Вновь пришел доктор Гемп. Отодвинул в сторону Цейтлина и Сашеньку.

— Не питайте призрачных иллюзий, Самуил, — предостерег он.

— Но она иногда просыпается! Разговаривает… — сказал Цейтлин.

— Произошло заражение, начался сепсис.

— Она выздоровеет, выздоровеет… — настаивала Сашенька.

— Возможно, мадемуазель, — мягко ответил доктор Гемп, когда горничная передала ему фетровую шляпу и черную накидку.

— Возможно. В стране чудес.

37

— Хочешь, я тебе почитаю? — на следующее утро спросила Сашенька у матери.

— Не нужно, — ответила Ариадна, — потому что я могу встать и почитать сама.

Другая Ариадна села в постели больной и повисла у Сашеньки на шее. Она опустила глаза и с трудом узнала это восковое существо с повязкой на груди, которое дышало, как больная собака. Ее волосы были прилизаны и засалены, но она не требовала, чтобы Люда принесла щипцы, — неужели она умирает?

Ариадна удивлялась, неужели на ней всегда будет лежать проклятье? Неужели в нее вселился злой дух?

Неужели она сама навлекла на себя все несчастья?

Затем она унеслась от них в удивительный мир грез.

Она изящно порхала по комнате. Ей привиделось такое: они с Самуилом вместе в саду с журчащими фонтанами и ароматными персиками. Неужели это райский сад? Нет, лес превратился в березовую аллею: тонкие белые березки были лесами Цейтлиных, потом ружейные приклады превратились в мертвые руки русских солдат.
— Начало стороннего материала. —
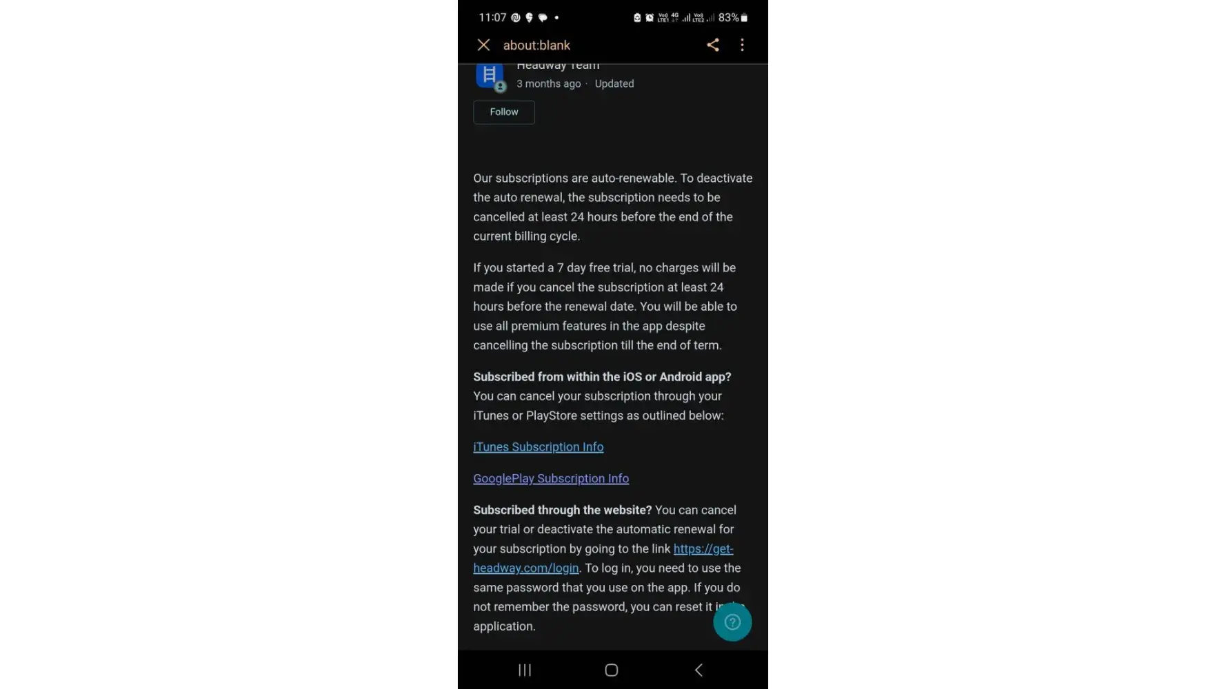 Read full reviewHeadway Subscription refund
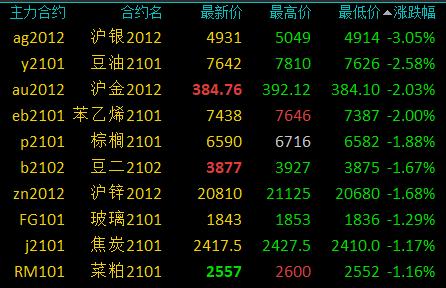 11月24日讯 国内期货市场开盘,商品期货多数下跌,贵金属低开,沪银跌近3%。塑料涨超2%,沥青、焦煤、原油等涨超1%;豆油、沪金、苯乙烯跌超2%,棕榈油、豆二、沪锌等跌超1%。
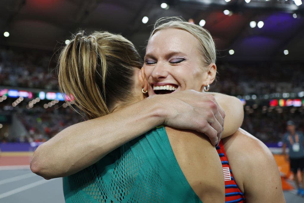 Tausaga overcame stiff competition to secure her title, including from her U.S. teammate Valarie Allman. Allman came into the meet as the defending OIympic champion and 2022 world champs bronze medalist. She wanted the win, and ended up throwing less than three tenths of a meter shorter than Tausaga to take home silver and secure America’s one-two punch in the event. It’s the first time the U.S. has ever earned silver and gold at the world champs. Bin Feng of China earned the third podium spot.
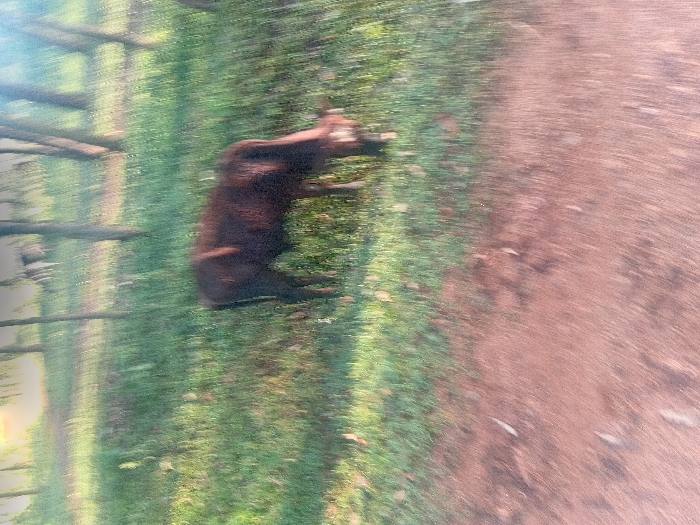 A reddish-brown animal, possibly a cow or deer, lies in green grass next to a dirt path. A wooden fence is visible on the left. The scene appears blurry, indicating motion or a shaky camera. The composition is primarily horizontal, with the animal situated in the middle ground. The path on the right contrasts with the green grass, creating a visual separation in the landscape.
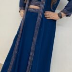 Out of StockAttractive 3pc georgette crop top set with big swrovski stones work on coty, skirt & outer jacket with western outlook fot the entire outfit with matching swarovski work also on sleeves.
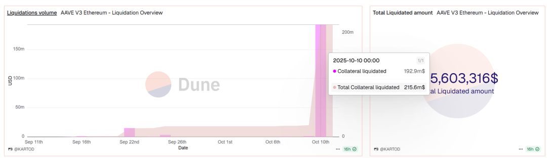 我们同时通过第三方数据分析平台对 Aave 的清算情况进行了追踪。数据显示,尽管在市场暴跌期间(2025 年 10 月 10 日至 11 日)Aave 的整体清算量高达 1.92 亿美元,但其中与 USDe 和 sUSDe 相关的清算事件极少,几乎可以忽略不计。

Березки превратились в людей. Они танцевали. Деревья были балеринами в пачках, потом застыли обнаженными.

Ариадна открыла глаза. Она снова была в своей комнате. Сашенька спала на диване. Стояла глубокая ночь. В комнате горела лампа, не электрическая.

Самуил и двое старых евреев, женщина и мужчина, тихо разговаривали.

— Я потерял себя, ребе, — говорил Самуил на идиш.

— Я больше не знаю, кто я. Ни еврей, ни русский. Я перестал быть хорошим мужем и хорошим отцом. Что мне делать? Молиться, как верующему еврею, или стать социалистом? Я полагал, что все решил, но теперь…

— Ты всего лишь человек, Самуил, — ответил бородатый старец. Ариадна узнала голос — это был голос ее отца. Какой приятный голос, глубокий и добрый. Он что, сейчас проклянет Самуила, назовет его язычником? — Ты совершал и хорошие, и плохие поступки. Как и все мы.